Para los judíos, la dificultad consistía en cómo lograr que sus recién concedidos derechos
civiles se hicieran realidad y en cómo vencer prejuicios seculares que habían intensificado su
separación de sus conciudadanos v que en el siglo xix estaba cobrando nuevas formas.
Mientras persistía la antigua hostilidad cristiana hacia los judíos, como pueblo responsable de
la crucifixión de Jesús, entre algunos católicos, particularmente los jesuitas, y en la Iglesia
ortodoxa rusa se inventaron, además, contra ellos nuevos agravios que surgían de las
circunstancias de la sociedad industrial v de la misma libertad de movimientos que la
emancipación parecía ofrecer a los judíos. Debido a que en la Edad Media se había prohibido a
los cristianos prestar dinero a interés, los judíos figuraban entre los grandes prestamistas de
Europa. En el siglo XIX, los judíos ricos de Francfort, Viena, París o Londres, dirigidos por la
más famosa y afortunada de todas las dinastías judías los Rothschild, estaban estrechamente
asociados con los bancos en expansión de Europa, mientras el buhonero judío y el pequeño
prestamista de las zonas rurales de Hesse (Alemania) o Galitzia, la provincia polaca de Austria-
Hungría, seguían desempeñando su función tradicional.

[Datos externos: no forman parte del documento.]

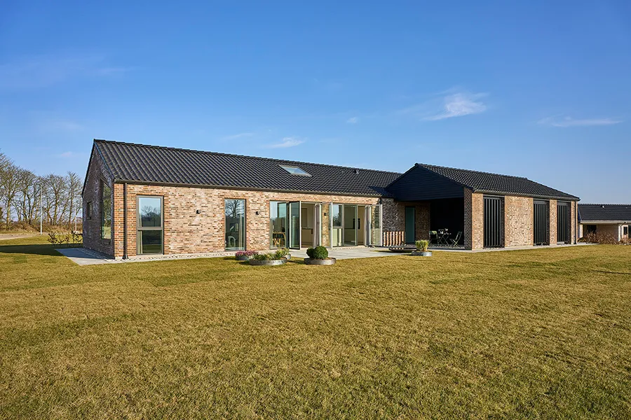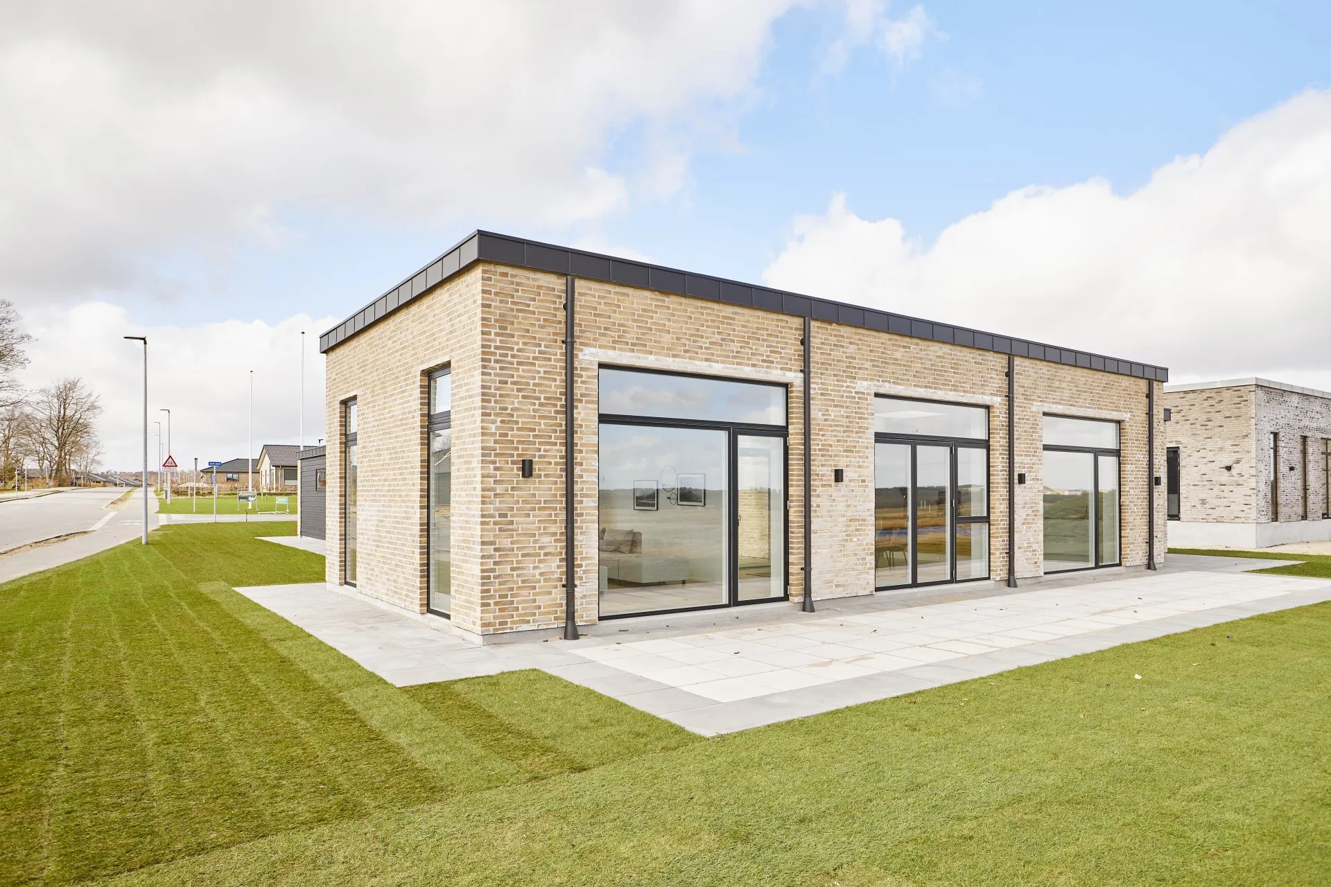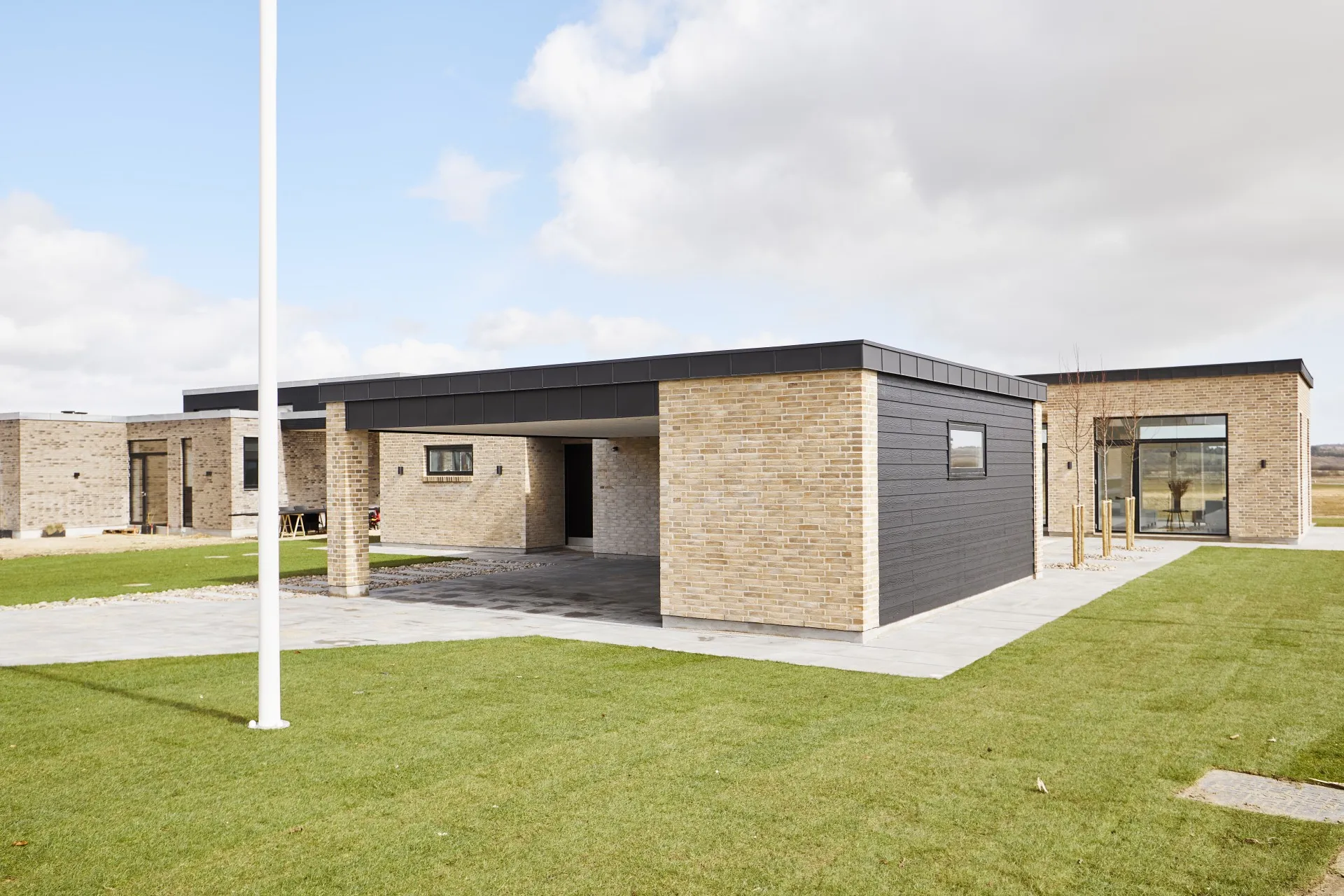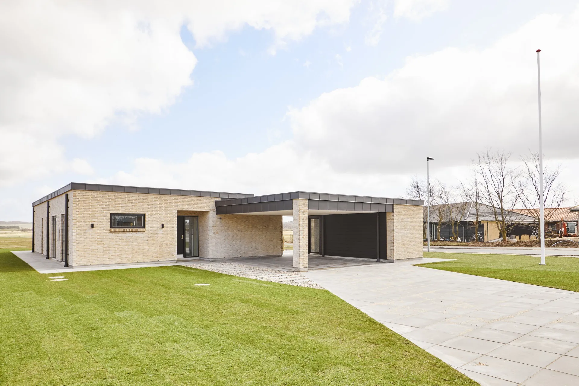 Mursten: Cold Hawaii med grå/hvid fuge. Klinker: Salem Cenzia. Gulv: Midi plank-eg

Buena parte del antisemitismo que se desarrolló entre 1880 y 1900 tenía, por lo tanto,
fundamentos económicos. El jefe del Partido Socialdemócrata, August Bebel, denominó en
cierta ocasión al antisemitismo Der Sozialismus des dummen Kerls (el socialismo de los
estúpidos), y era muy fácil que cualquier ataque contra el poder de las altas finanzas y los
grandes bancos se convirtiese en un ataque contra los judíos, los cuales formaban un sector
fácilmente identificable de la clase capitalista. En otros sectores de la vida económica, los
judíos eran también el chivo expiatorio; en Viena, por ejemplo, los sastres judíos procedentes
de las aldeas de Galitzia se prestaban a trabajar por un precio inferior al de los sastres vieneses,
y se les culpaba del desempleo cuando corrían malos tiempos. En muchas zonas rurales, los
granjeros y terratenientes que habían pedido dinero a los prestamistas judíos locales los odiaban
cuando éstos les presionaban para que les pagaran en un año de malas cosechas.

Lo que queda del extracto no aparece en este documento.